* _EXERCISE OBJECTIVE_
In the listing below, find the line with "Groovy 70s Hippie" and the line with "После проставления всех". Repeat those two lines and all lines between them exactly.

* _SUPPLIED DATA_
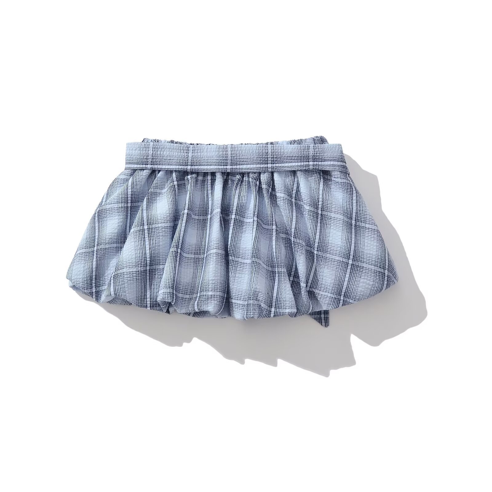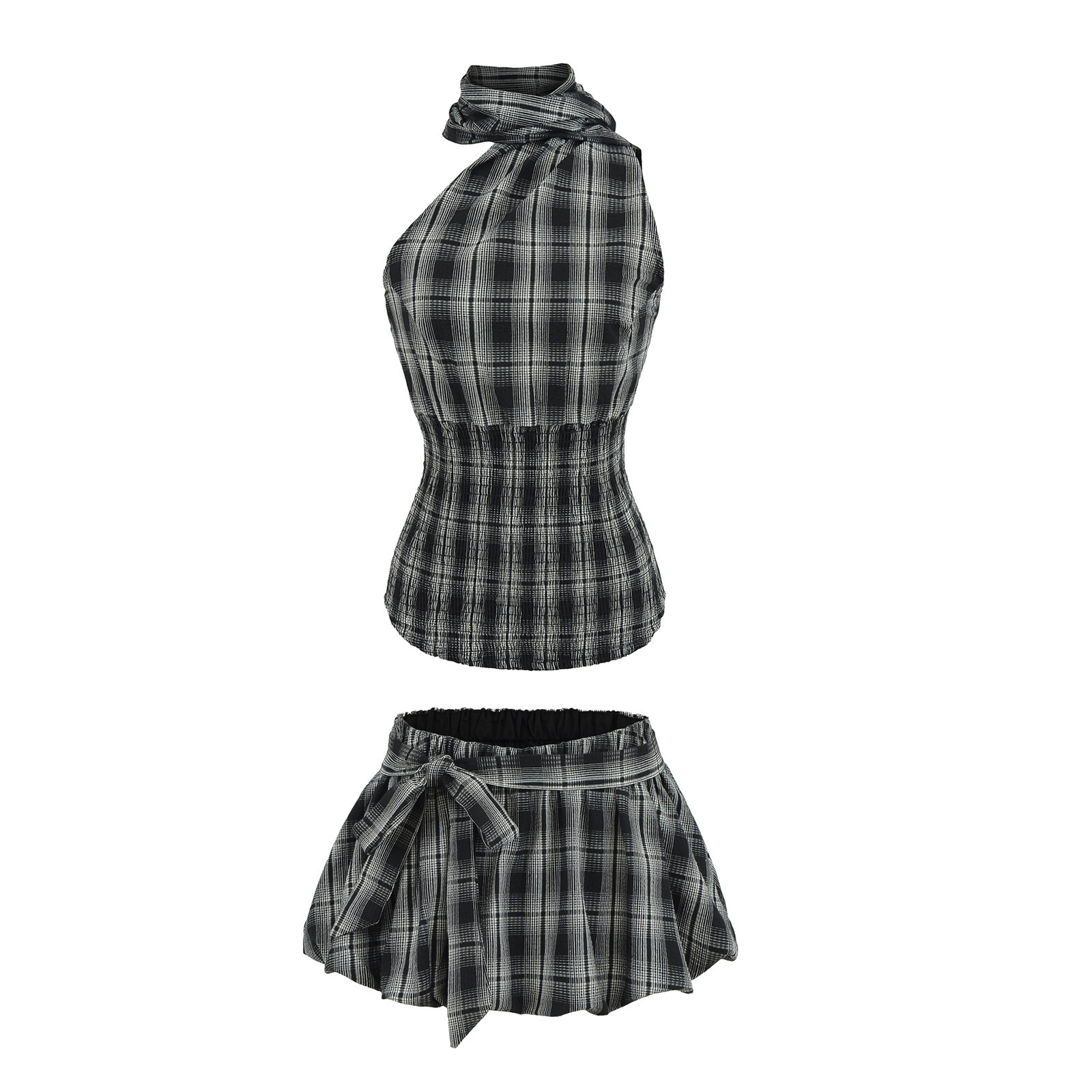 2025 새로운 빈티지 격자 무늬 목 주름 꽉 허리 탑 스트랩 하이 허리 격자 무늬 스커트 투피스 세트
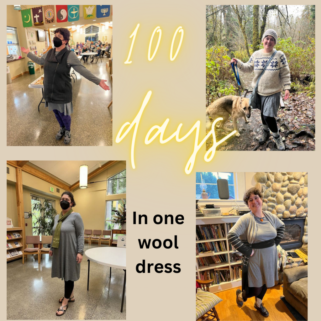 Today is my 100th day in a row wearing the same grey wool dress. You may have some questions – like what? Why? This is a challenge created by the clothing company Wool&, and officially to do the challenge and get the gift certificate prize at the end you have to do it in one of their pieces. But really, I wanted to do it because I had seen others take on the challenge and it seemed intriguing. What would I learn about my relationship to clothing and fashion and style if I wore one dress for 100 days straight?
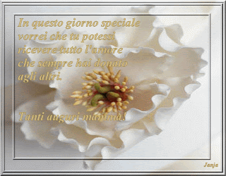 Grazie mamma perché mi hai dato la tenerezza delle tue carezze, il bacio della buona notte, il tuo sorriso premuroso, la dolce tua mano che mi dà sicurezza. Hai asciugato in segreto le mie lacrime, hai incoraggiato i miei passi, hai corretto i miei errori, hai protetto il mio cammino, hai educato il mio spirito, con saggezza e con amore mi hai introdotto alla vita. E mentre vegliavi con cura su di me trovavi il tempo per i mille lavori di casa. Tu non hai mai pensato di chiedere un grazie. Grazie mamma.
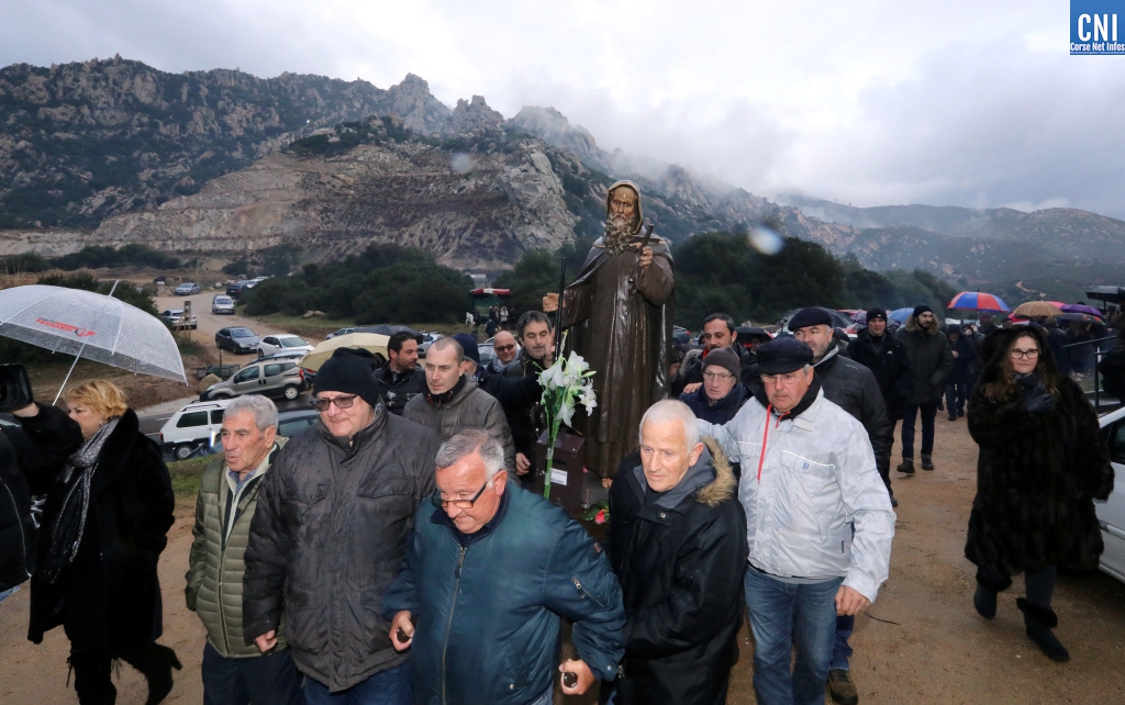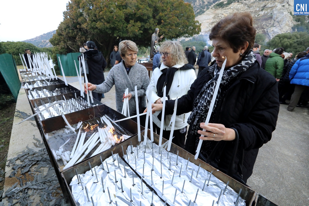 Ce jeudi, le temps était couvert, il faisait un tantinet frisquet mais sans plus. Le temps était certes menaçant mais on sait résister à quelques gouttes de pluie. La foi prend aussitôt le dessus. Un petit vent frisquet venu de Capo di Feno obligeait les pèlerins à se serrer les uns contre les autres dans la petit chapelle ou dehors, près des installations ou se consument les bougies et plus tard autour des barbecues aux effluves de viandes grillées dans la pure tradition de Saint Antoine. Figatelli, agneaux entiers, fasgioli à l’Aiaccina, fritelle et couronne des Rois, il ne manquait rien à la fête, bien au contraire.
* * *
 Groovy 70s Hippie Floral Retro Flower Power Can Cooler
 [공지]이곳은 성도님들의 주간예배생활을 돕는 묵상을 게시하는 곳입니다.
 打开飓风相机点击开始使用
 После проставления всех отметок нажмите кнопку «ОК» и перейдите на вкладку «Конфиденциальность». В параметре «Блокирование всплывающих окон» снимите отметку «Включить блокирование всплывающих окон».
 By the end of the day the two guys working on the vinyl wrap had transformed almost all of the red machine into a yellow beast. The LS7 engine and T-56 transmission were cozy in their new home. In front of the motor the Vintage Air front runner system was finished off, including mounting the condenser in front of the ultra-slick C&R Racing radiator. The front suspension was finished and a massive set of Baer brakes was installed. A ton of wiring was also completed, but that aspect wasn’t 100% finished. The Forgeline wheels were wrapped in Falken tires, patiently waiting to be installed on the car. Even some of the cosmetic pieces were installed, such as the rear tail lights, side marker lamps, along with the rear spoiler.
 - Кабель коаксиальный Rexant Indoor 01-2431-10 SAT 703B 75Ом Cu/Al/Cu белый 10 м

* _ANSWER SECTION_
 Groovy 70s Hippie Floral Retro Flower Power Can Cooler
 [공지]이곳은 성도님들의 주간예배생활을 돕는 묵상을 게시하는 곳입니다.
 打开飓风相机点击开始使用
 После проставления всех отметок нажмите кнопку «ОК» и перейдите на вкладку «Конфиденциальность». В параметре «Блокирование всплывающих окон» снимите отметку «Включить блокирование всплывающих окон».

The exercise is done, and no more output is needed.